Сколько себя помню, я всегда об этом думал — лет с пяти точно. Но никому не рассказывал, так как это не что-то конкретное, а просто ощущение или, скорее, предчувствие. Я о подобных вещах много говорить не умею.
Через час придут гости, поэтому мы, особенно не торопясь, допиваем наши дринки и поднимаемся. Ролло показывает мне мою комнату и потом уходит в свою, так как нам надо успеть переодеться. Комната для гостей, куда он меня приводит, обставлена стандартно, безлично. И пахнет этим прозрачным оранжевым мылом — оно называется грушевым, если не ошибаюсь.
Я открываю мой чемодан, кем-то уже принесенный наверх, достаю свежую белую рубашку, галстук в сине-белую полоску, однобортный темно-синий блейзер и кладу все это на кровать. Потом раздеваюсь и шагаю под душ. Трижды ополаскиваюсь попеременно теплой и ледяной водой, затем бреюсь перед зеркалом в ванной, вытираю лицо и бегу посмотреться в зеркало, висящее на стене спальни. Надеваю белую рубашку, завязываю галстук тщательнее, чем обычно, виндзорским узлом.
Я затягиваю узел покрепче, обеими руками, и при этом вижу в зеркале свое лицо.

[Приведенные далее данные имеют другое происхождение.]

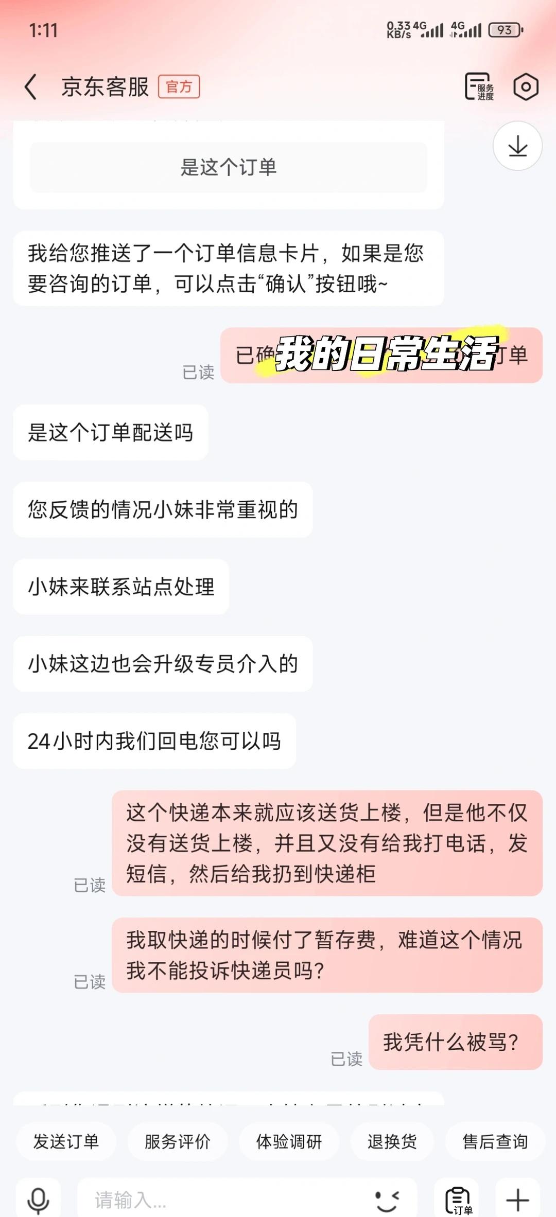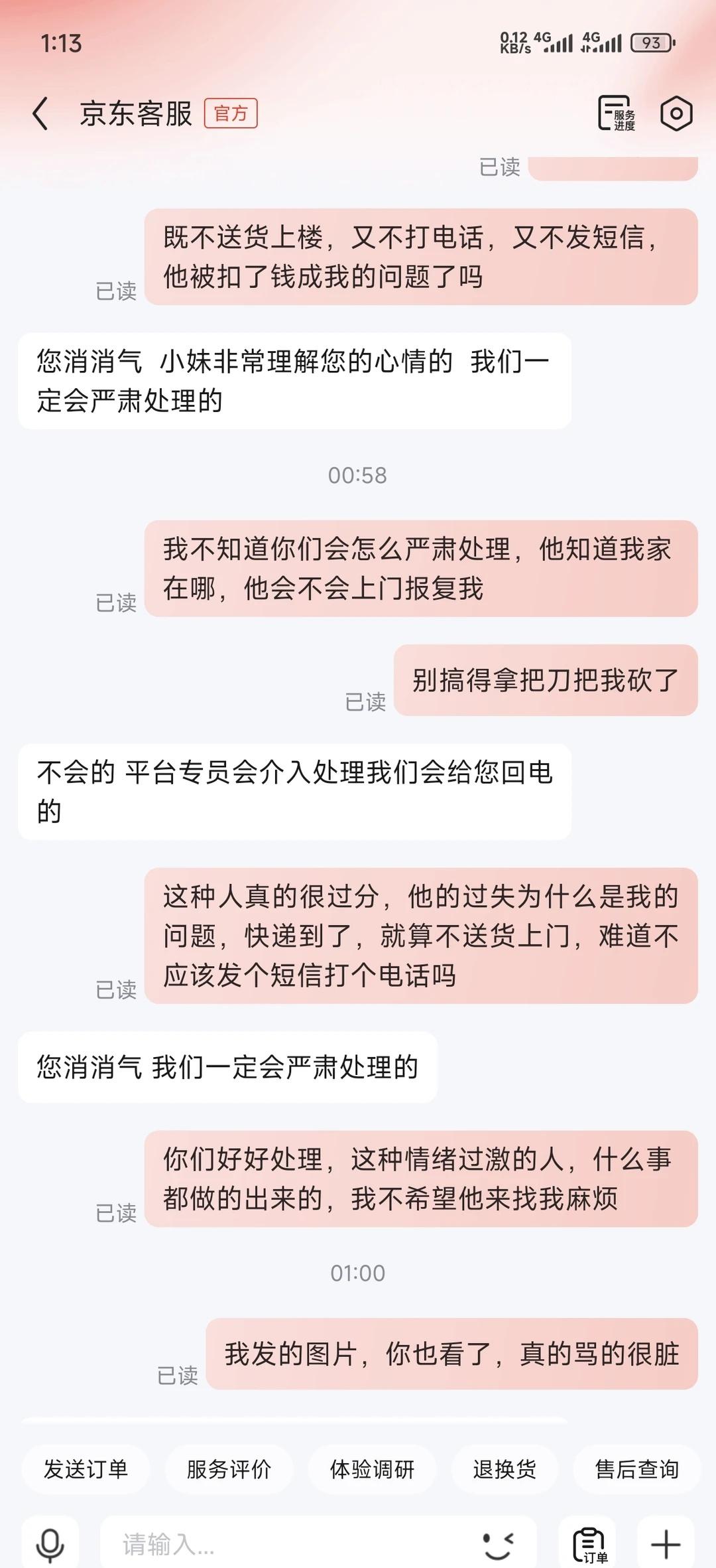京东快递员辱骂消费者后续 结果:快递员已为自己的言行负责。 事情经过:快递直接给我扔暂存柜,既没有短信通知,也没有电话通知。我4月15日发现去拿的时候付了暂存费,然后就找客服投诉了。若不是在没有任何通知的情况下导致快递超时付了暂存费,我不会去投诉,几块钱不多,但不应该我付。 4月16日投诉完了以后他说可以帮我付暂存费,我以为他知道自己的过失了,那时我已经不追究了,没让他给我付暂存费,然后到了4月19日晚上突然发短信过来辱骂。我不惹事也不怕事,他既然说出这些话,那我不能当做没看见。然后我进行二次投诉,成年人该为自己的言行负责,要想到自己口嗨会承担什么样的后果。 觉得不爬楼很正常的,7楼的住户不止我一家,每天都有送外卖和送快递的上来,都是工作赚钱为生活,真做不来可以换工作。 4月23日更:京东客服电话联系,告知已经对快递员再次进行罚款及扣分处罚,让快递员登门道歉且保证快递员不会再对我进行打扰。我表示不用上门道歉并不再追究,他为自己的口嗨行为负责就行了,道不道歉我不稀罕。 4月24日更:快递员被二次处罚后,没有再打扰我的生活。本来也是因为他对自己的工作不负责和态度恶劣引起的事,他承担了对应后果就行。 4月25日更:今天的快递有给我打电话询问并送货上楼,做好自己的本职工作,没人会投诉。 另外说下京东的优势就是送货上门,如果未经同意被放快递柜,可以直接找客服投诉。遇到态度恶劣的快递员可以多投诉几次,每一次都会扣钱,多处理几次他就不会乱来了。如果有类似的情况找官方客服投诉无果,也可以选择去中国邮政局网投诉(罚款力度更大,严重或开除)。 至于大家关心的问题,怕他因为自己的过失被处罚几百块而恼羞成怒,放弃自己五险一金的工作,带着下半生在局里度过的风险来搞事,我只能说现在是法治社会,不是过去的年代了,他是快递员不是黑涩慧。作为消费者,不投诉不追究,好让他带着对工作不负责的态度去辱骂下一个投诉他的消费者吗。 事情已解决,本帖不再更新

Я и не смотрю туда, в зеркало, по-настоящему — скорее захватываю боковым зрением один только абрис своего отражения, — но у меня вдруг вновь возникает то давешнее ощущение, удивительное предчувствие, что вскоре что-то произойдет. Я думаю об Александре, о том, что ему, вероятно, сейчас недостает его барбуровской куртки — а может, и нет, может, по большому счету, ему все по фигу. Когда я говорю, что вижу только абрис своего отражения, я буквально это и имею в виду. Середину лица я не различаю только контуры. Так бывает, естественно, только в том случае, если прищуриваешь глаза, — тогда середина отражения исчезает.
Я, значит, прищуриваю глаза и думаю о Ролло, о его пристрастии к валиуму, как он то и дело принимает по четвертушке таблетки, но при этом становится не вялым, а, наоборот, веселым и даже слегка взвинченным, хотя за день у него набегает по две или даже по три целых таблетки. Мне кажется, он научился этому от своей матери, — хотя я ее никогда не видел. Сам Ролло, с тех пор, как мы познакомились, упоминал о ней только раз или два. Мне представляется, что и она тоже дни напролет одурманивала себя снотворными таблетками, чтобы потом, ночью, лежать без сна — потому что время, которое ты проводишь в постели наедине с самим собой, переносить, естественно, гораздо легче, чем настоящее бодрствование.
Я подхожу к открытому окну. Оно выходит в сад. Я вижу, как Ролло, переодевшийся намного быстрее меня, стоит внизу на лужайке, опять со стаканом в руке. Повсюду горят факелы, уже совсем стемнело. Оранжевая полоска заката, на которую мы недавно смотрели, исчезла.
Две девушки разговаривают с Ролло, но я не могу понять, хорошенькие они или нет, потому что вижу только их спины. У обеих очень загорелая кожа, однако их туалеты мне определенно не нравятся. По крайней мере, сзади. Одна из них время от времени хихикает, и тогда я догадываюсь, что Ролло в очередной раз выдал какую-нибудь остроту — после этого его лицо всегда принимает ужасно глупое выражение.